Но Лафма вопреки всем доводам разума не мог смириться с мыслью, что дочь Кьяры потеряна для него навсегда… Он был готов цепляться за любой даже самый призрачный намек на надежду…

Именно в это время ему нанесла визит мадемуазель де Шемро.

Из-за своих тесных отношений с кардиналом фрейлине королевы иногда приходилось встречаться и с начальником полиции. Оба испытывали от этого взаимное удовольствие, которое, правда, не имело ничего общего с плотской связью. Очень хорошенькая и очень кокетливая, большая транжира, но, увы, небогатая. Прекрасная нищенка, как ее прозвали, ценила прибавки наличными, получаемые от Лафма в обмен на не слишком важные сведения, которые не заинтересовали Ришелье, но вполне могли пригодиться начальнику полиции. Озабоченная своей репутацией, она никогда не заходила в Гран-Шатле, предпочитая спокойствие дома на улице Сен-Жюльен-ле-Повр, а темноту — дневному свету. Но все это не мешало тому, что между ними возникла своеобразная дружба.

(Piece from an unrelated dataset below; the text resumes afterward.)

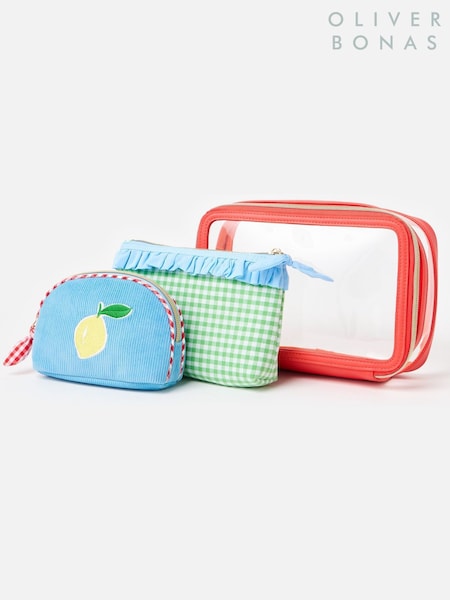 Oliver Bonas Set of 3 Green Blue & Orange Wash Bags

8. МЕЖДУ СЦИЛЛОЙ И ХАРИБДОЙ

Выйдя из кареты во дворе дворца, Сильви поняла, что здесь готовятся к отъезду. Вокруг некоего странного сооружения, обтянутого пурпурной тканью с вышитыми на ней гербами кардинала, суетились слуги и гвардейцы: одни укладывали на телеги сундуки и прочий скарб; другие проверяли собственную экипировку, тщательно осматривали лошадей и оружие.

— Разве его преосвященство покидает Париж? — прошептала Сильви; она уже вполне пришла в себя, чтобы осмелиться задать вопрос.

— Его преосвященство направляется на юг, к королю, чтобы вместе с ним разделить славу наших недавних побед. Постарайтесь не раздражать его преосвященство! Кардинал болен и предпринимает эту поездку ценой невероятных усилий воли.

В том, что кардинал серьезно болен, Сильви смогла убедиться, когда ее ввели в спальню, где слуги заканчивали облачать его преосвященство. Яркое пламя в камине яростно боролось с холодом. В комнате было почти нечем дышать, но кардинал был бледен как мертвец. Худоба Ришелье превратилась в изможденность, и его лицо, еще больше вытянувшееся из-за острой, почти побелевшей бородки, казалось не шире лезвия ножа… Глаза ввалились, а на шее и запястьях из-под длинной сутаны из красного муара белели кружева, прикрывавшие язвы, которые, как говорили, было покрыто все его тело. Однако спину Ришелье держал прямо, а взгляд у него был властный. Двигаясь медлительно, кардинал с трудом добрался до кресла у маленького стола, заставленного пузырьками и баночками, потом повелительным жестом удалил из спальни слуг.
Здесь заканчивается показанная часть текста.